Es que, para mal de muchos
y ventaja de pocos, falta por escribirse la historia real del
béisbol de aquí, de los cubanos, y de allá, de los mexicanos, y
de los norteamericanos, porque los textos que frecuentemente
aparecen, no llevan la necesaria carga que brota del corazón de
quien escribe. Usted se llena de datos, de virtudes
grandilocuentes de aquellos que pueden llenar los bolsillos de
los escritores, con “elegidos” a lo Sammy Sosa o Barry Bonds,
pero de los humildes jugadores que alguna vez dejaron parte de
sus vidas en un terreno de mala muerte, con la única recompensa
de un beso lejano de la novia o la desidia de algunos, aparecen
menos datos, y es donde más deberían detenerse, porque son los
verdaderos héroes anónimos, aquellos que dejaron su vida con
pasión en el terreno y abonaron el camino que hoy tenemos.
Y es en esa conjunción
armoniosa de búsqueda, aciertos, acto de creación y proyección
futurista, donde vemos asunto para la epopeya que bien nos
desbroza Carlos R.
Castillo Barrio, con esa carga
humanitaria y de buen corazón que pone por delante su voluntad y
hasta la vida, para hacernos más felices con su Historia del
béisbol en Yucatán y Campeche entre los años 1892-1905.
Enhorabuena amigo
Carlos, perdona la demora de estas
minutas, pero quería beberme más de una vez tu libro y ahora
pudo ser.

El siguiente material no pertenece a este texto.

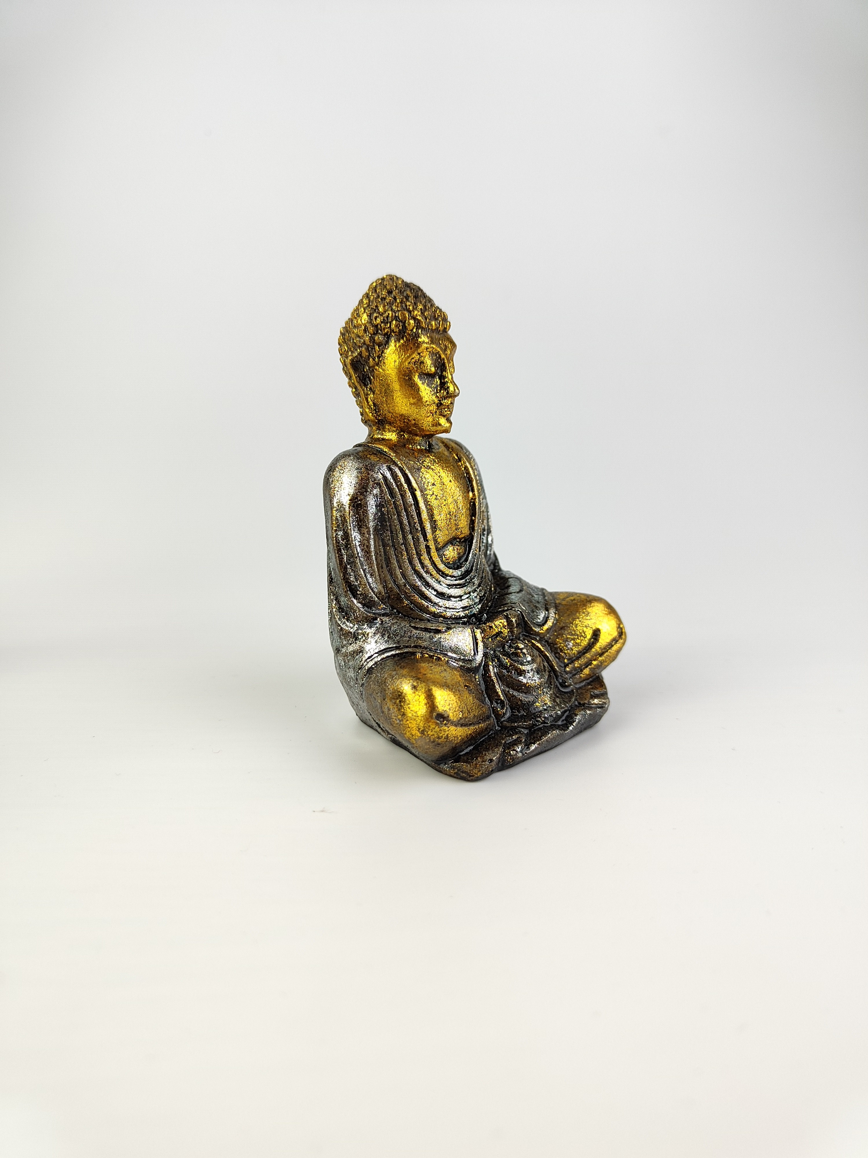 Elegancka figurka Buddy wykonana z trwałej żywicy, utrzymana w stylu antycznym i ręcznie malowana z dbałością o detale.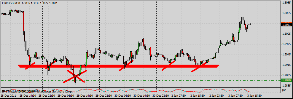 1.2870/1.2900 support LT important. A CT, on a longuement travaillé ce support qui a failli une fois sans que les baissier ne puissent engager la continuité. Meme si la tendance reste baissière, il était préférable à mon sens de se positionner long sur ce support. Je ne l'ai pas tradé sur l EURUSD, mais j'ai fait une belle opération sur le cable ce jour, dans le meme contexte: support LT a 1.5400/1.5450. A CT un beau support a 1.5500. A bientot!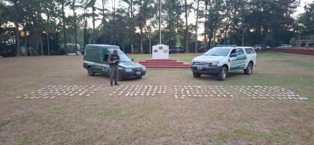 Ante este hecho, los funcionarios solicitaron apoyo al personal de la Unidad de Investigaciones de Delitos Complejos y Procedimientos Judiciales “Eldorado” y a la Sección “Montecarlo” para llevar a cabo un rastrillaje por la zona montuosa, a unos metros se halló entre la vegetación cuatro bultos abandonados, que acondicionaban 216 paquetes rectangulares, similares a los utilizados para el transporte de estupefacientes.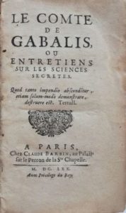 NON VENU /// [Occultisme]. MONTFAUCON (Henri de, dit de Villars)]. Le comte de Gabalis, ou Entretiens sur les sciences secrètes. À Paris, chez C. Barbin, 1670. In-12, [2] f., 327 p., veau havane époque, dos à 4 nerfs, titre doré, fleur de lys en fleuron (reliure usée, coiffes arrachées, lacunes aux coins ; mouillure claire sporadique en marge, trav. de vers dans les marges intérieures, et sur le texte sans gravité p. 153-168, déch. sans perte et tache brune sur le texte ne contrariant pas la lecture p. 125-132).
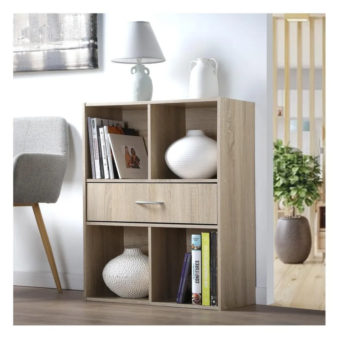 Ce meuble de rangement Calicosy combine fonctionnalité et style. Avec ses 4 cases de rangement ouvertes et un tiroir pratique pour vos effets personnels, il maximise votre espace tout en ajoutant une touche élégante à votre intérieur. Le meuble est de couleur beige, apportant une ambiance chaleureuse et relaxante. Il est fabriqué en panneau de particules, garantissant sa robustesse et sa durabilité. Son design sobre et moderne s’adaptera à tous types de décoration.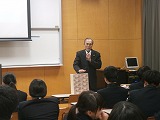 学校長による講師紹介に続いて、小西氏からは、自撮りプライベート写真のSNS上の危険性についてDVDを視聴して講話がありました。また本田氏からは、少年非行の中で特に問題であるいじめに特化して、いじめの4層構造の中の、見て見ぬふりをする「傍観者」となることの重大性について話がありました。両氏からは、地域の人が東雲高校の生徒を見守っている、困ったことがあれば大人に相談してほしい、そして安心、安全で楽しい高校生活を送ってほしいと締めくくり、非行防止教室が終わりました。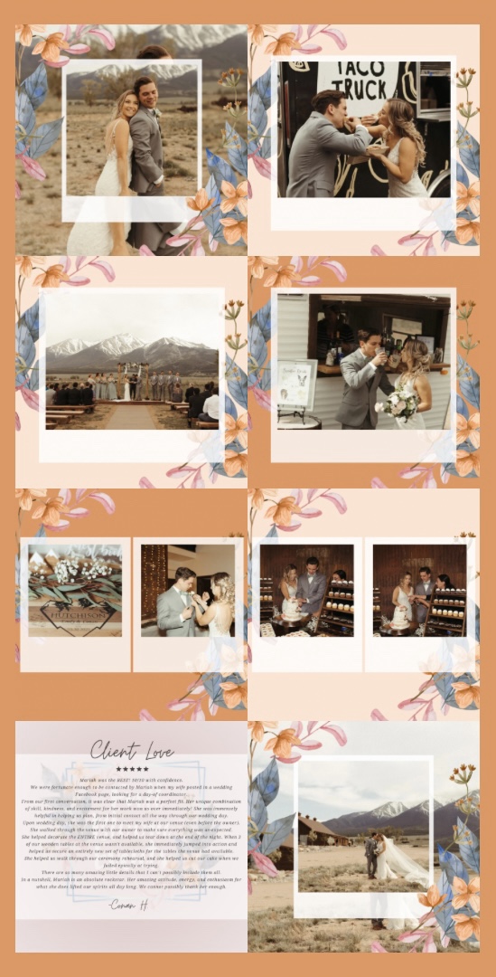 “Mariah was the BEST! 10/10 with confidence. We were fortunate enough to be contacted by Mariah when my wife posted in a wedding Facebook page, looking for a day-of coordinator. From our first conversation, it was clear that Mariah was a perfect fit. Her unique combination of skill, kindness, and excitement for her work won us over immediately! She was immensely helpful in helping us plan, from initial contact all the way through our wedding day. Upon wedding day, she was the first one to meet my wife at our venue (even before the owner). She walked through the venue with our owner to make sure everything was as-expected. She helped decorate the ENTIRE venue, and helped us tear down at the end of the night. When 3 of our wooden tables at the venue wasn’t available, she immediately jumped into action and helped us secure an entirely new set of tablecloths for the tables the venue had available. She helped us walk through our ceremony rehearsal, and she helped us cut our cake when we failed epically at trying. There are so many amazing little details that I can’t possibly include them all. In a nutshell, Mariah is an absolute rockstar. Her amazing attitude, energy, and enthusiasm for what she does lifted our spirits all day long. We cannot possibly thank her enough. We are truly grateful for the amazing service provided on our best day. Thank you so much!”

De ti se nutrirán las nuevas generaciones, porque eres
un fundador, y los fundadores quedan inmortales en la historia.
Bendito Dios mexicano que supo aportar hombres como
Carlos Castillo.
Si a este humilde hacedor de letras pinareño le llegaste tan
hondo, así habrás penetrado en los corazones yucatecos.
Fue un trabajo para uds.,
del profesor Juan Antonio Martínez de Osaba y Goenaga.